One Seventy-One, Mother's Introspection
The problem of the child losing three and four has not changed, 6.1 took out the camera and did not get it back, asked several times and said that a child helped to hold it, but this and that reason has not been taken back until now, I am very angry when I get up early, where does this character come from? Thousands of dollars of camera lost and did not see the hurry, alas!
Ever since Doudou began to rebel, my patience has been put to the test of "severe", constantly reminding myself to be tolerant and kind to my children, but I am often provoked by this unsatisfactory life. Pen × fun × Pavilion www. biquge。 info
So he is often blaming the child, saying "how are you ......", "what are you doing...... or "are you .......", "can you ......?" every tone is impatient, reproachful, and reprimanded. I also know that this is not good, very bad, but I can't help but get angry when I am always faced with the mess of the environment and her nonchalant attitude.
Every day, I will remind myself to change, to treat the child calmly and tolerantly, accompany her through adolescence smoothly, and I can't help but be temperamental every time I face the child.
Yesterday, I saw the child's talk, saying that I disliked her, saying that it was always thankless and always disliked, so it was better not to be a good child.
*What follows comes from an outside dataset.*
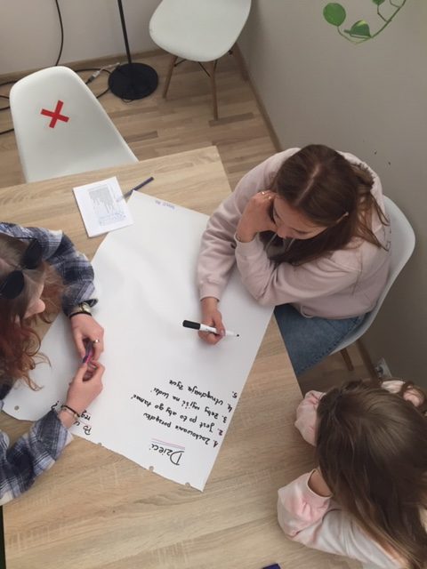 Otwarci młodzi ludzie, wspaniale współpracujący podczas warsztatów krytycznego myślenia. Przeanalizowaliśmy temat „po co regulamin w domach dziecka” z perspektywy różnych grup i zobaczyliśmy jak ważne i trudne jest odróżnianie faktów od opinii. I odpowiedzieliśmy sobie na pytanie, co to właściwie jest to „krytyczne myślenie”.

I feel very bad in my heart, maybe my expression is like many Chinese parents, obviously 10,000 love, but 10,000 reproaches. Although I understand that this is not good, I am constantly correcting and improving, and when the child reaches the rebellious stage, I have no patience and often face the child in a tone of lesson and blame. From today on, I want to go back to the way she was when she was a child, no longer demanding and forcing the child, I want to express my true love to the child, and let her experience the warmest and intimate love in the world.
Yesterday I saw her write to her father: I wish the Father of Heaven a happy holiday! I couldn't help but burst into tears, she needs love, care, and mother's warmth and love so much, but I often can't satisfy her, how lonely should a child be?
Life is not satisfactory, the past has happened irreversibly, I must treat my child well, let her grow up happily under my care.